- Born: Southgate, London
- Education: Westminster Kingsway College
- Culinary career
- Cooking style: Turkish-Cypriot fusion cuisine
- Current restaurant(s) Oklava; ;
- Previous restaurant(s) Kopapa; ;
- Television show(s) Great British Menu; ;

= Selin Kiazim =

British chef of Turkish Cypriot heritage

Selin Kiazim is a British chef of Turkish Cypriot heritage who owns and runs the restaurant Oklava in London. In 2017, she was one of the winners of the BBC Two television series Great British Menu.

==Career==
Selin Kiazim was brought up in Southgate, London, by her Turkish Cypriot immigrant parents. As a child, she would make frequent trips to Northern Cyprus to visit her grandparents, but did not wish to pursue a career in cooking. Kiazim initially wanted to pursue a career as an architect, but changed her mind after the completion of a foundation course in art and design. Instead, she trained in catering at Westminster Kingsway College where she earned her Professional Chef's Diploma in 2008.

She began working with chef Peter Gordon after she won the 2007 UK-NZ Culinary Challenge. He initially employed her at his Marylebone-based restaurant The Providores and Tapa Room in 2007, before she became head chef at his Kopapa restaurant.
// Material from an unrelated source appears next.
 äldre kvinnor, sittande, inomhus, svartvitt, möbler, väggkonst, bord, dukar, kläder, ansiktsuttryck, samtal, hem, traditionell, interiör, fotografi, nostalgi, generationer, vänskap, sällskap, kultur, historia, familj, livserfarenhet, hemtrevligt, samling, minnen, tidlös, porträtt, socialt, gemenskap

After running a series of pop-up restaurants and residencies, which received highly positive reviews from food critics such as Giles Coren, Kiazim opened her own restaurant, Oklava, in October 2015, located in the Moorgate area of London. The restaurant serves Turkish-Cypriot cuisine, with fusion elements and features a completely Turkish wine list.
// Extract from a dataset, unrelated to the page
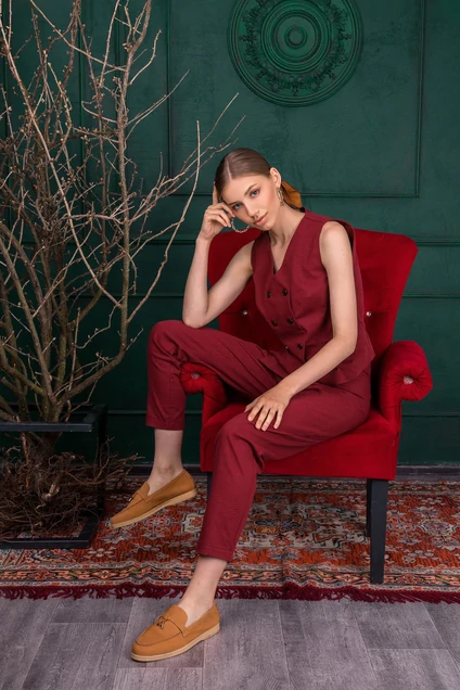 Жилет полуприлегающего силуэта. Горловина и пройма обработана обтачкой. По переду нагрудная вытачка, переходящая в подрез с имитацией кармана. Застёжка на петли-пуговицы. Низ асимметричен. По спинке две вытачки и хлястик на резинке. Длина изделия 50 см.

In 2017, she competed in the BBC Two television series Great British Menu to create a dish to celebrate 140 years of The Championships, Wimbledon. After beating two other chefs in the qualifying round, she competed in the final. However, in the initial round, her dessert scored the lowest mark, resulting in her making an entirely new dish for the final round. Kiazim made it to the last two chefs for the main course, but was not selected, however, her dessert course was chosen in the final as a banquet dish. She released her first cook book that year, entitled Oklava: Recipes from a Turkish-Cypriot Kitchen. The Council of Turkish Cypriot Associations in Britain named her the Best Champion of Turkish Cypriot Culture 2017 (female).